One of the ligands used for this purpose is folic acid (FA). Folate receptors are present on the surface of many cancer cells, so using this ligand is a way to target cancer cells22,23,24,25,26. It is an essential vitamin from the B vitamin group (B9)27,28. Recently, studies have been performed on the interactions of carbon nanotubes and folic acid. Tavakolifard et al.29 functionalized SWCNT covalently with paclitaxel (PTX), an anticancer drug, and folic acid (FA) as a targeting agent for many tumors. The results showed good conjugation of the targeting molecule and the anticancer drug on the surface of the CNT. Mehra et al.30 assessed and compared the in vitro and in vivo cancer targeting propensity of DOX loaded FA, and estrone (ES) anchored PEGylated multi-walled carbon nanotubes (MWCNTs). Ellison et al.31 functionalized SWCNT covalently with FA Infrared spectroscopy confirmed intact molecular binding to the SWNTs through the formation of an amide bond between a carboxylic acid group on SWCNT and the primary amine group of FA. Carbon nanotubes are introduced as promising carriers for the treatment of cancer. Because they increase the circulation time of the drug, reduce systemic toxicity, and increase the accumulation of the drug at the tumor site32. Anticancer drugs can be combined with carbon nanotubes through covalent or non-covalent interactions33,34. DOX is a chemotherapy drug of the anthracycline class of anticancer drugs35,36. The drug release at the target site is sometimes additionally triggered by using various physical factors like infrared radiation, and ultrasonic and magnetic fields. Biochemical triggering factors of which pH change is appropriate from neutral to acidic state occurring in tumor tissue have also been considered37,38.

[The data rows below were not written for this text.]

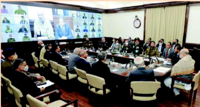
Financial Intelligence Agencies through video conferencing. Highlighting the continued threats of terrorism and global

New Delhi, Jan. 4(PIB) Union Home Minister, Shri Amit Shah conducted a high level security meeting yesterday in New Delhi to review the prevailing threat scenario in the country and the emerging security challenges. The Heads of security agencies of the country prominently Central Intelligence Agencies, CAPFs, Intelligence Wings of Armed Forces, Revenue and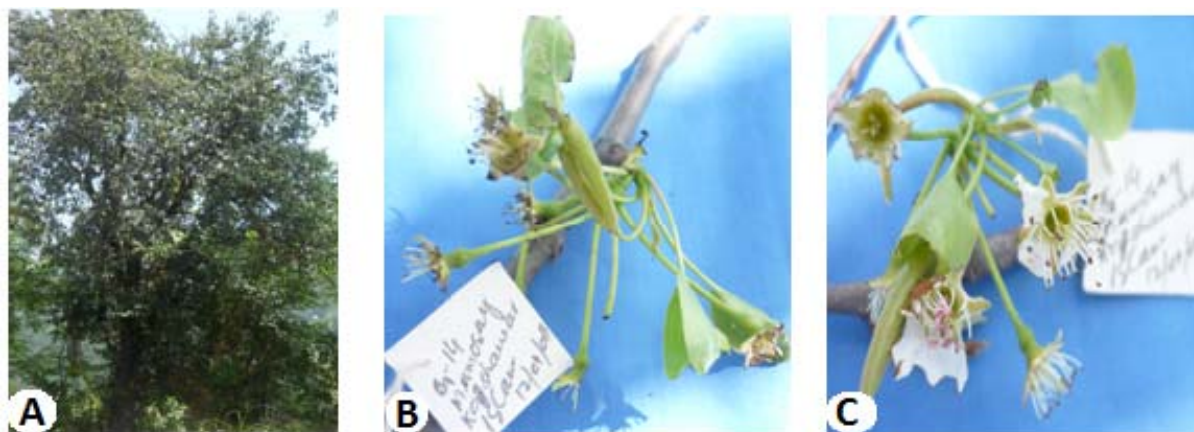
Fig. 3. Pyrus bretschneideri Rehder. A, Habit; B, inflorescence; C, inflorescence with front view of flowers.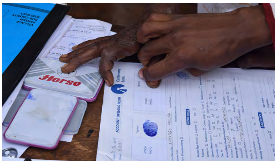
Figure 18. Fingerprints being captured.

enrolment forms. Whereas previously only the yellow slip with the NIN written on it was necessary to collect the payment from PostBank, now beneficiaries needed to once again produce their NIC or they would not be registered for the new account. Given the circumstances, it is unlikely that beneficiaries fully understood or consented to the capture of their personal information, including biometrics, or understood their bank account and relationship with this new, commercial bank.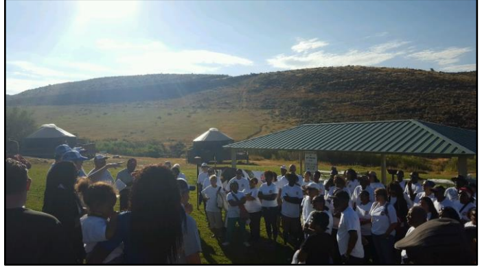
Baptist Church volunteers that helped run the camp.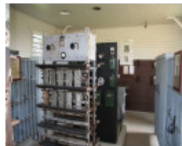
H0198 Wonthaggi State Coal Mine Eastern Precinct H198 July 2007 PM2 lamphouse interior25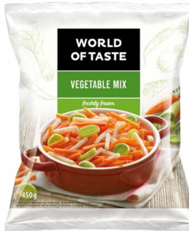
Vegetable mix 450 g

Ingredients: carrot, broccoli, cauliflower.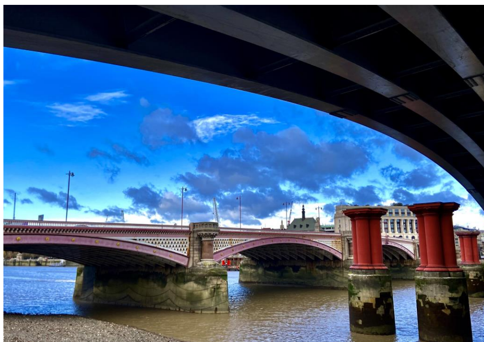
Erno Thorp 8CMO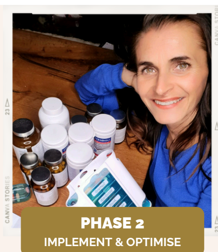
PHASE 2 IMPLEMENT & OPTIMISE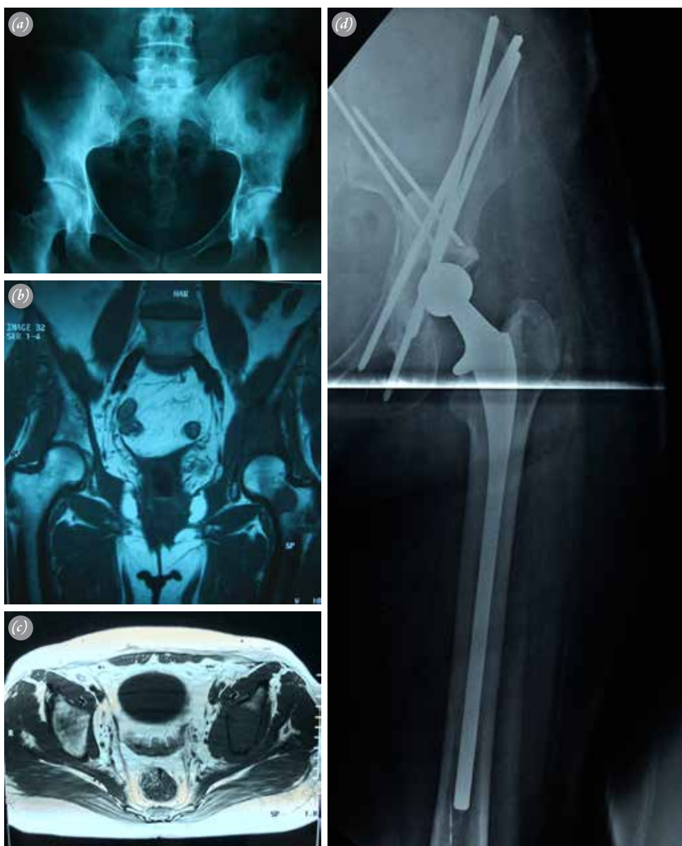
Fig. 1. 48-year-old female with metastatic breast carcinoma. Radiograph and magnetic resonance imaging of the pelvis showed extensive involvement of the periacetabular region. A metastatic lesion in the femoral neck was also seen (a–c). This Harrington class III lesion was managed by total hip replacement and acetabular reconstruction with threaded pins and cemented acetabular cup (d). Postoperative radiation therapy was also applied. [Color figures can be viewed in the online issue, which is available at www.aott.org.tr ]

Periacetabular defects were categorized based on Harrington's classification: class I: periacetabular lesion with intact roof, medial wall and lateral cortices; class II: deficient medial wall; and class III: deficient roof and lateral cortices. [2] Radiological assessment revealed Harrington class II lesions in 7 and class III lesions in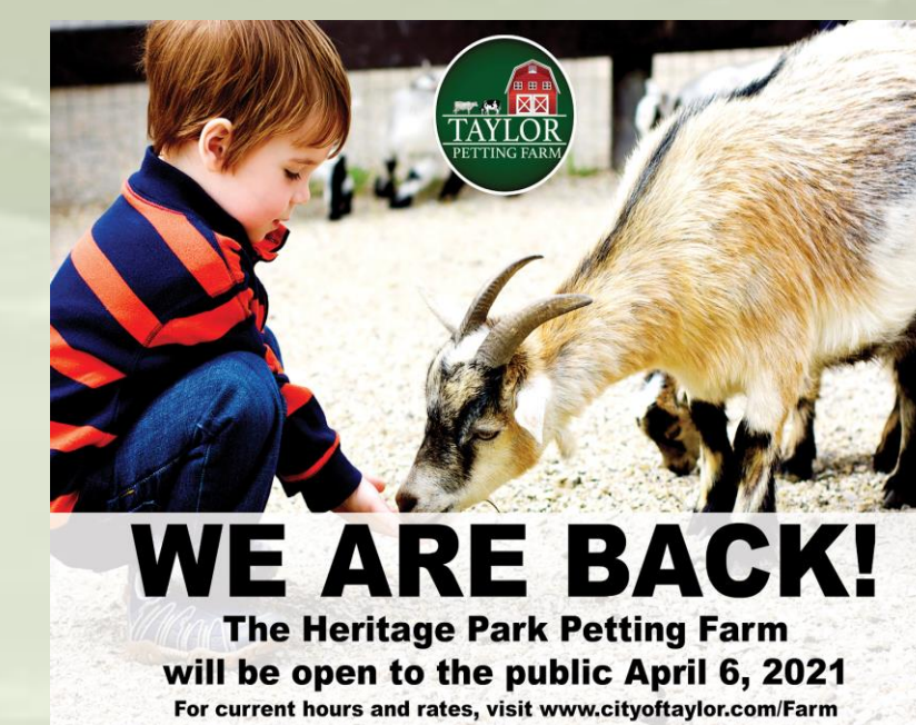
Petting zoo as an example of hosting more family-center events.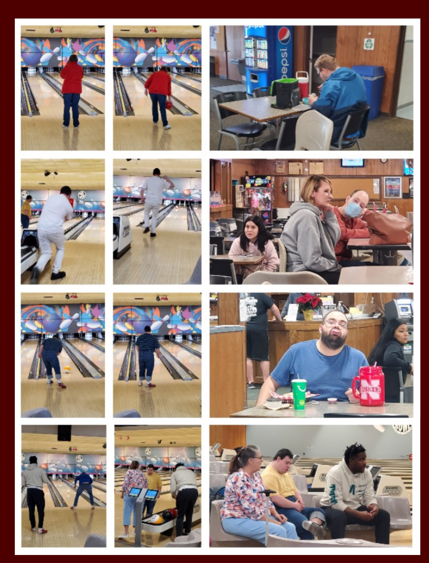
Be Confident. Learn Skills . Have Fun.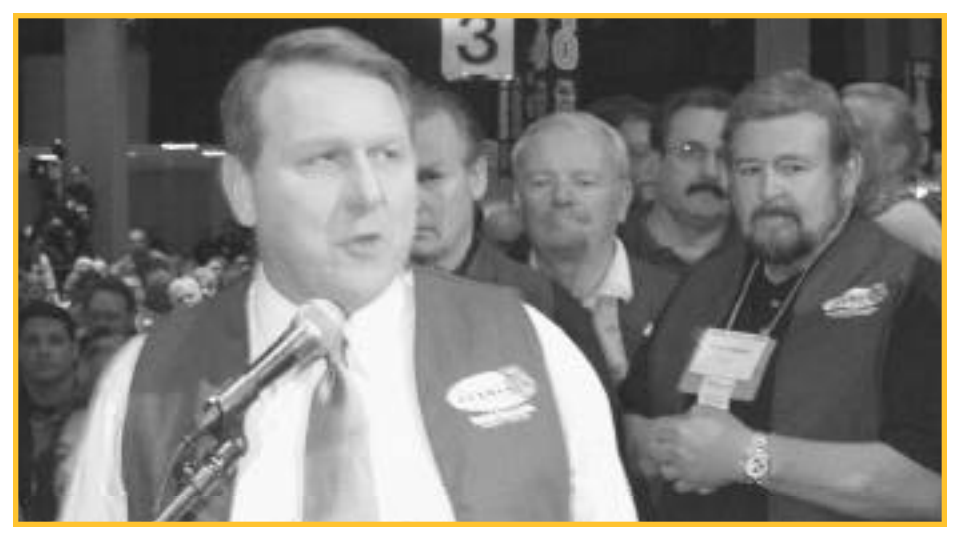
President Hoffa goes to the Convention floor to 'call the question' as blue-vested delegates prepare to vote on the recommendations of the Blue Ribbon Commission.

The Commission recommended several changes that will allow the In-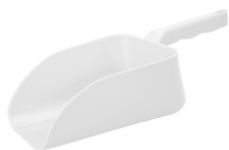
FLAT SCOOP ABS WHITE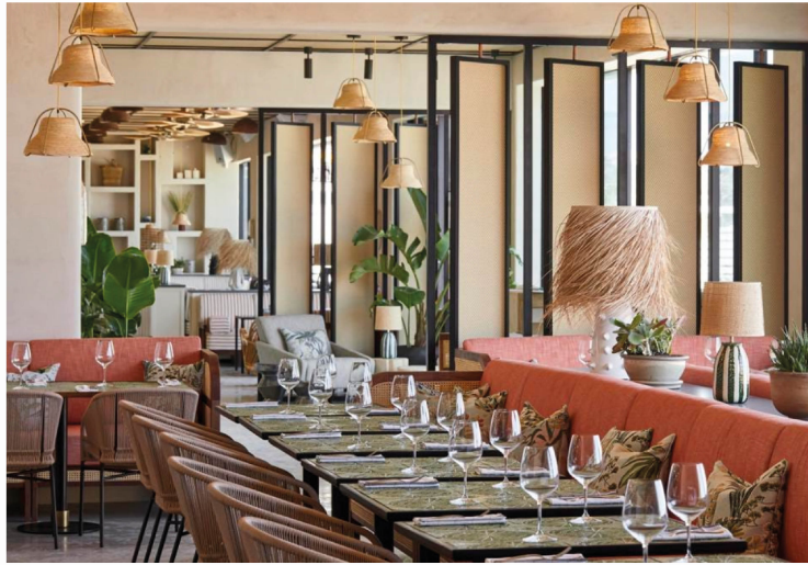
Beefbar Malta

After the success of the first Beefbar in Monaco, the concept has gone global. Proposing an intimate ambiance reminiscent of gentlemen's and wine tasting clubs, the restaurants worldwide use materials that are simple, raw and premium: black wood and bronze panels, Humbert & Poyet-designed alabaster lighting, natural granite bars, earth-toned leather walls and Murano glass chandeliers.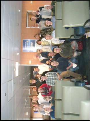
The LPD pastor's cruise group enjoying fellowship together.

• Tuesday, June 1 the LPD pastors and staff enjoyed a cruise aboard BC Ferries. This is always a time of encouragement for all who are able to attend. Our theme was 'leaders who shepherd: shepherds who lead.' As well, we heard from a few of the pastors of how God is leading in their lives and churches. Encourage your pastor to attend this uplifting event!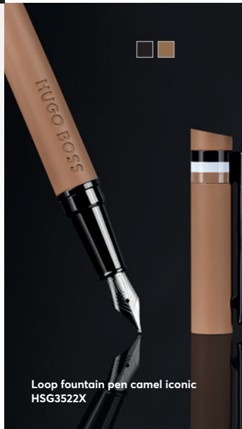
Loop fountain pen camel iconic HSG3522X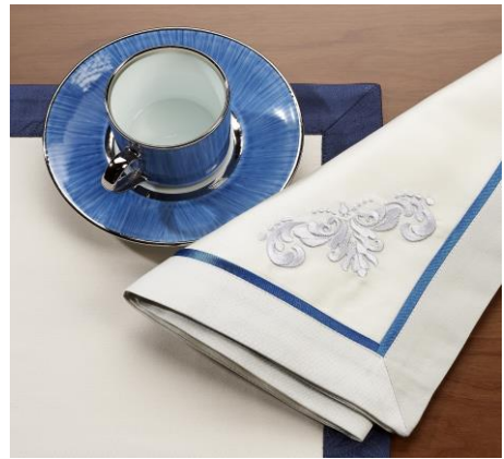
Centre: "Sorrento Border" Satin 301 with Sorrento Navy 307 jacquard Border Right: "Flower Lace" Satin 201 with Silver 204 3cm Border, piped Blue 9843. Silver 1011 embroidery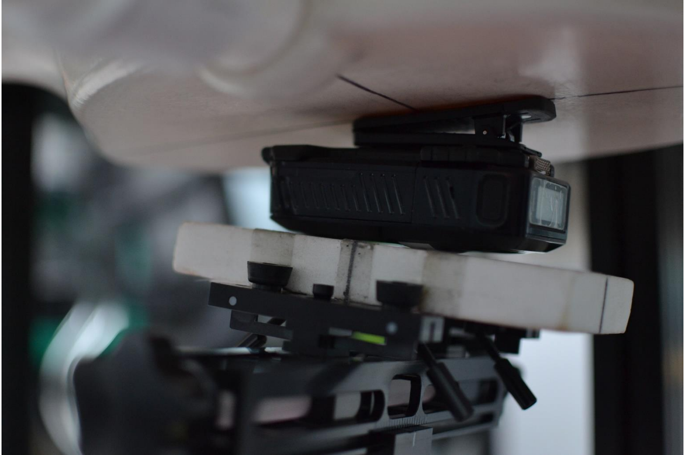
SAR Test Setup Photo 2 – Mount WGP03088, Back Side at 0mm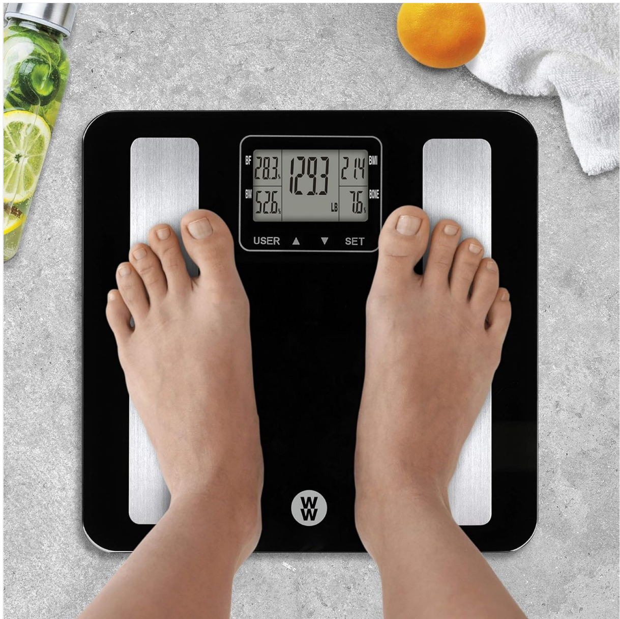
Image: A person standing on the Conair WW702XF scale, with the digital display showing various body analysis metrics like body fat, body water, BMI, and bone mass.

In the present molecular dynamics studies39,40,41,42, the adsorption and release of DOX have been investigated for CNT, functionalized with FA and tryptophan (Trp) (a non-polar aromatic amino acid)43 in both neutral and acidic pH.

Materials and methods

Structure preparation

In the first step, an armchair (12, 12) SWCNT with a diameter of 16.283 Å and length of 40 Å was constructed as the model for DOX-CNT drug carrier system. The CNT model was generated by employing the Nanotube Modeler package44. The initial structure of DOX was obtained from the DRUGBANK server45. The partial charge of all atoms in DOX molecules was obtained by applying the electrostatic potential (ESP) method46 by the DFT, 6-31G (d,p), B3LYP utilizing GAMESS47 software. The chemical structure of Trp and FA were extracted from the PubChem website48. The molecular structure of DOX, Trp, and FA are shown in Fig. 1.

Figure 1
figure 1

The initial structure of (a) Doxorubicin (b) Tryptophan (c) Folic acid.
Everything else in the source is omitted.